The sum was substantial and arbitrary and applied to a number of different breaches.

25
ParkingEye and Cavenish joint appeals
- Reconsiders Dunlop, holding that, even if a stipulated sum is not a genuine pre-estimate of loss, it is still not a penalty if it protects a legitimate interest of the claimant in the performance of the contract and is not out of all proportion in doing so. Lords Neuberger and Sumption considered that the impugned clause did not necessarily have to amount to a genuine pre-estimate of loss provided it went to support some other legitimate interest in contractual performance and was not disproportionate. £85 charge for overstaying a two hour parking ticket not a penalty clause.
26
Sheehan v Breccia
Finlay Geoghegan J in the Court of Appeal rejected a reconsideration of the treatment of surcharge interest in Irish law, endorsing the Dunlop principles and refusing to follow ParkingEye.
27
ACC Bank
Finlay Geoghegan J summarised the law as set out in Dunlop and Pat O’Donnell as requiring the court to determine “whether or not the additional sum payable is a genuine pre-estimate of the probable loss by reason of the breach”.
28
BOI v O’Boyle [2025]
9% surcharge, resulting in a debt of €204,501 was held to be a penalty clause. Bolger J found that BOI did not follow best practice in estimating surcharge interest rates. Was not a genuine pre-estimate of the loss. Also refunded compliant customers by contrast. Therefore ‘unconscionable and extravagant’ applying Dunlop.
29
Lennon v Talbot
Mitigation of loss. - The plaintiffs were given the option of entering into new dealership agreements with the new importers of the cars in question, but for the most part refused.

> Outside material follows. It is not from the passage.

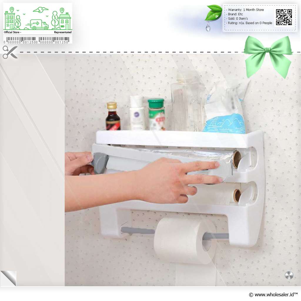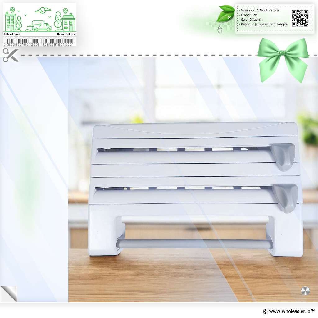 Rak ini memiliki beberapa kompartemen untuk menyimpan tisu, food wrap, tin foil, tisu serap minyak, cling film dan benda lainnnya yang berbentuk roll. Dengan rak organizer ini maka dapur Anda akan semakin rapi dan teratur. Terdapat cutter untuk memudahkan Anda memotong roll.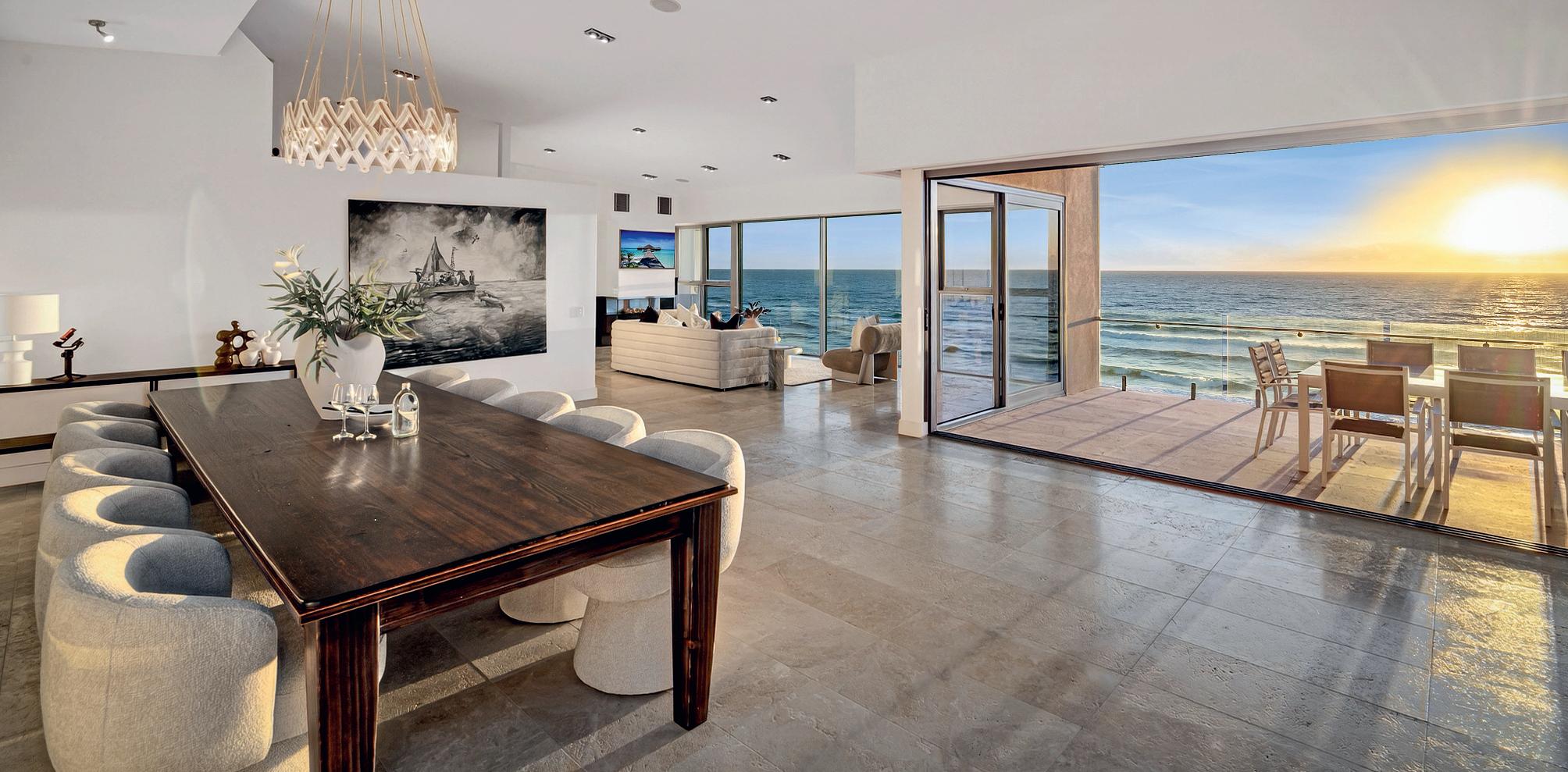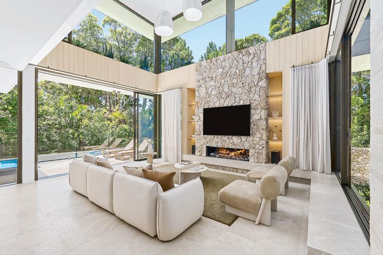 anearlymorningswim.It’svivacious,e ortlesslycool yetquintessentiallymid-centurymodernastomorrow. Voluminousdoubleheightspaces,wallsofmassive panesanddisappearingdoors,endlesstravertine, allformingtheheartoftheresidenceandmimicked alfresco.Enoughtomakeyousigh!

Would have been at a disadvantage. Keane J held that in these circumstances, it was not reasonable to expect the plaintiff to enter into new disadvantageous agreements with the new importers, and accordingly their damages would not be reduced by reason of their failure to do so.
30
Hyland v Dundalk Racing
Finaly Geoghegan J described mitigating factors as the "public policy considerations core to the concept of mitigation". It is socially desirable to minimise the costs of a civil wrong.
31
Malone v Malone
The defendant agreed to sell a guest house to the plaintiff but breached the contract by failing to complete the sale. The plaintiff had taken out a loan on which interest was accruing. Costello J held that the plaintiff could have mitigated their losses by paying the loan back in full before further interest accrued.
32
O'Keeffe v Ryanair (on mitigation)
No duty to continue in business with the party in breach.